Saturday, January 16, 2010

Beginnings.

Well i am in my second semester of my first year at Northwestern College...WOW. I don't really know what to say because I'm in such an odd place. I really enjoy Northwestern and feel [as far as I know] led to stay here this semester but today I'm hungry for more. I'm hungry for more of God. I don't know what that looks like but I know it is important to say it. It's important that I wait on God in this season that I am in. I feel so squirmy right now!!!! But So far I have been seeing that this semester is really about learning to follow God and depend on him in a deeper way. I am hungry to be led. And let me tell you this is quite the awkward "dance" I am in. I am hungry to know God more and walk every day with Him. I am NOT satisfied with just having fun or just going to college. I think this is what people call the waiting period.

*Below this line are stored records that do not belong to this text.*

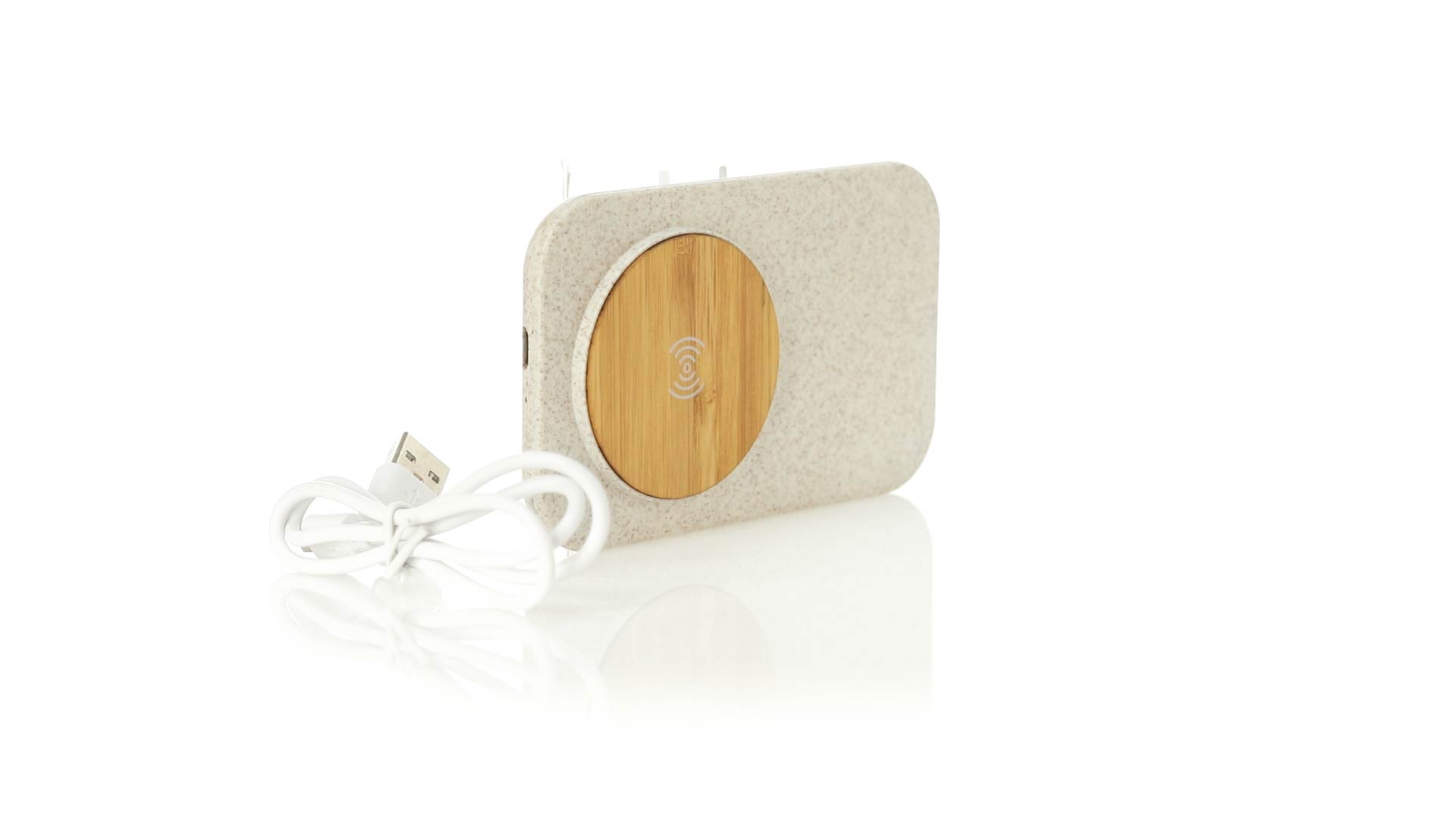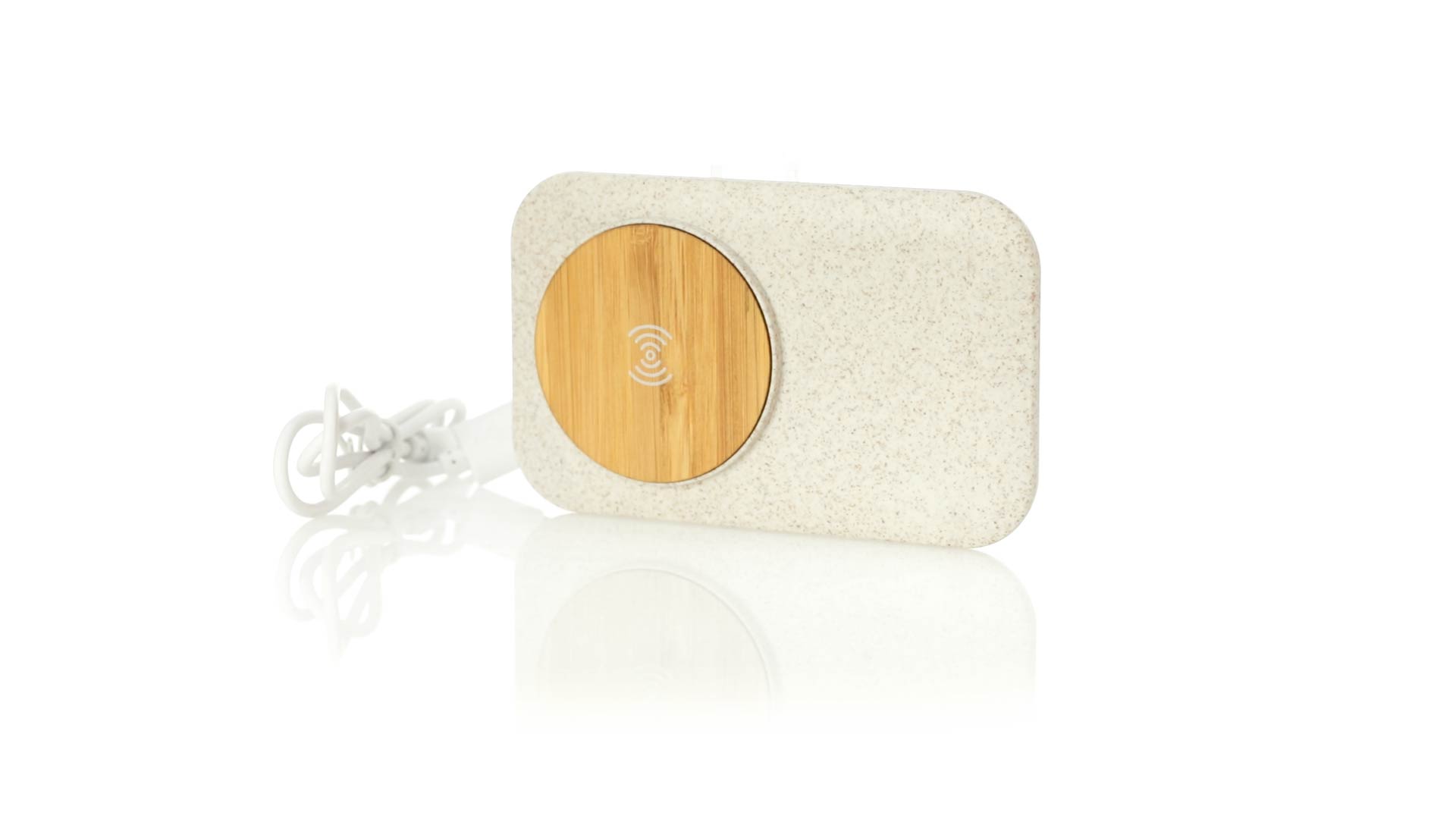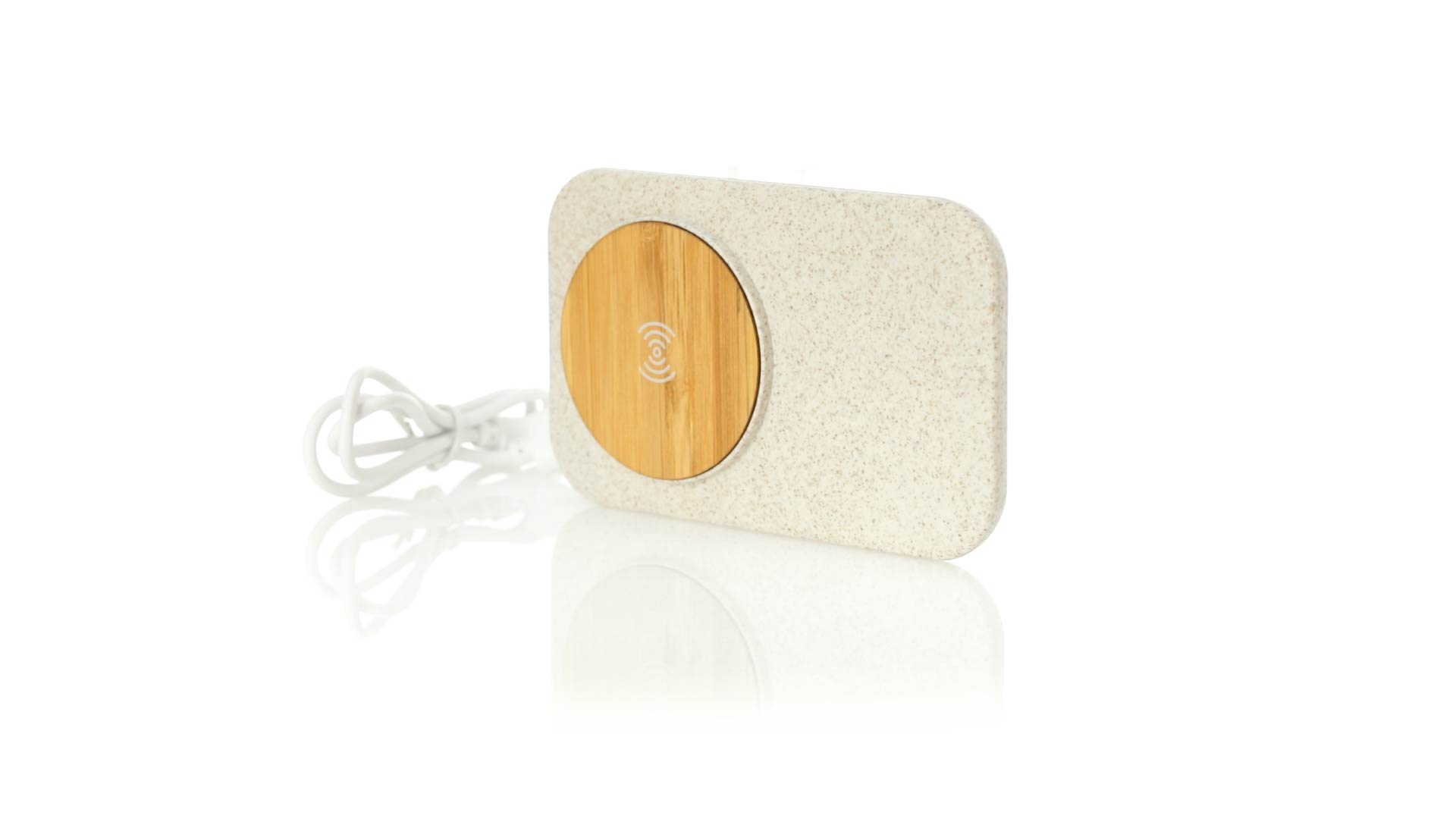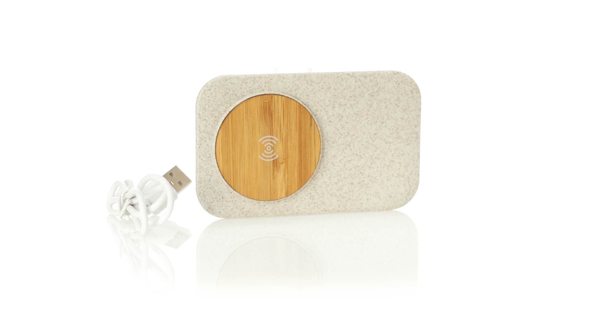 Kabelloses Ladegerät aus der Naturlinie. Bambusschale in Kombination mit Weizenstroh, um die Verwendung von natürlichen Rohstoffen zu fördern und Schadstoffemissionen zu reduzieren. Ladeanzeige und kompatibel mit Geräten, die mit drahtloser Ladetechnologie ausgestattet sind. Grosser Druckbereich und präsentiert in einer attraktiven, individuellen Öko-Design-Box. Inklusive Kabel
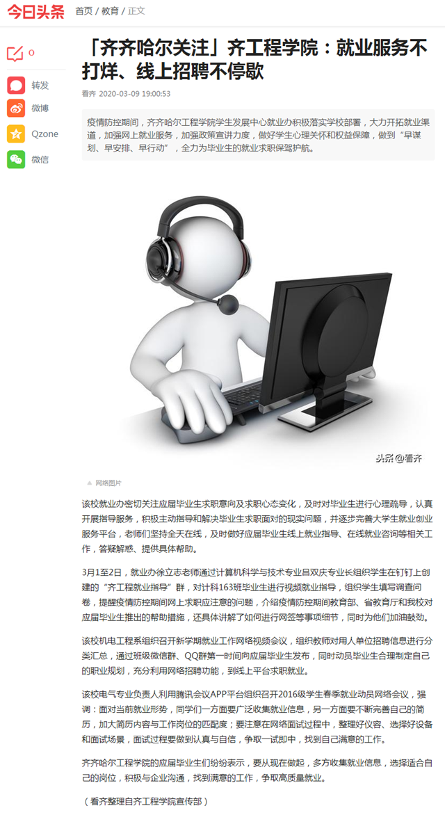 今日头条《齐齐哈尔关注》:齐工程学院:就业服务不打烊、线上招聘不停歇
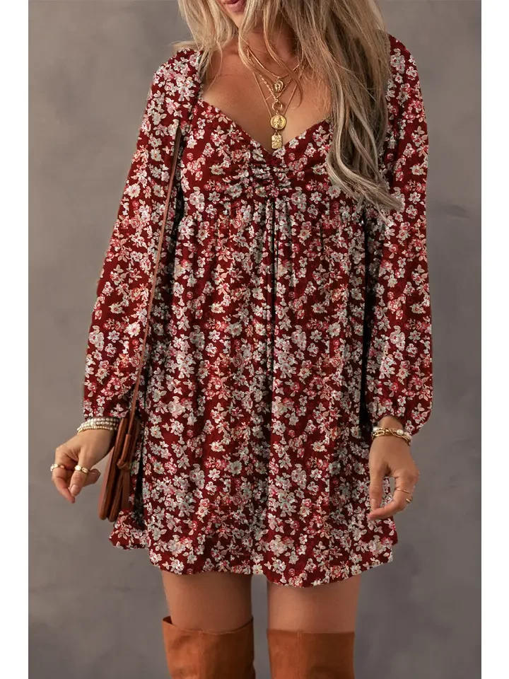 Add a touch of elegance and femininity to your wardrobe with this vibrant dress. Featuring a flattering sweetheart neckline that accentuates the collarbone area, along with a drawstring ruched bust and shirred back for a romantic and eye-catching appeal. Complete with stylish bubble sleeves, this boho dress is the perfect addition to any outfit. 100% Polyester

"I lift up my eyes to you,to you whose throne is in heaven. As the eyes of slaves look to the hand of their master,as the eyes of a maid look to the hand of her mistress,so our eyes look to the LORD our God,till he shows us his mercy." - psalm 123:1-2
"Our Soul waits for the Lord, He is our help and our shield. For our heart is glad in Him, because we trust in His holy name. Let your steadfast love, O Lord, be upon us, even as we hope in you." - Psalm 33:20-22
"And you have not delivered me into the hand of the enemy; you have set my feet in a broad place... But i trust in you, O Lord; I say,"You are my God." My times are in your hand...Oh, how abundant is your goodness which you have stored up for those who fear you" - Psalms 31:8,14&15,19
"...but to set the mind on the Spirit is life and peace."-Romans 8:6b
"But God shows his love for us in that while we were still sinners, Christ died for us." - Romans 5:8

^^ The truth I hold on to right now [in my weakness] is that God is going to lead me wherever I need to be. That He loves me, a sinner, and that He is with me always.
My soul waits for God. This is very new for me because as much as I have made decisions based on what I felt would be pleasing to God, I was doing it to "get it right," God is really freeing me from this and has brought me to repentence, but i believe there is more freedom to come as I wait on Him. I believe freedom is listening to His voice rather than living under the pressure to be perfect. I know this is His perfect timing for all of this so I will rest in Him in My desperation.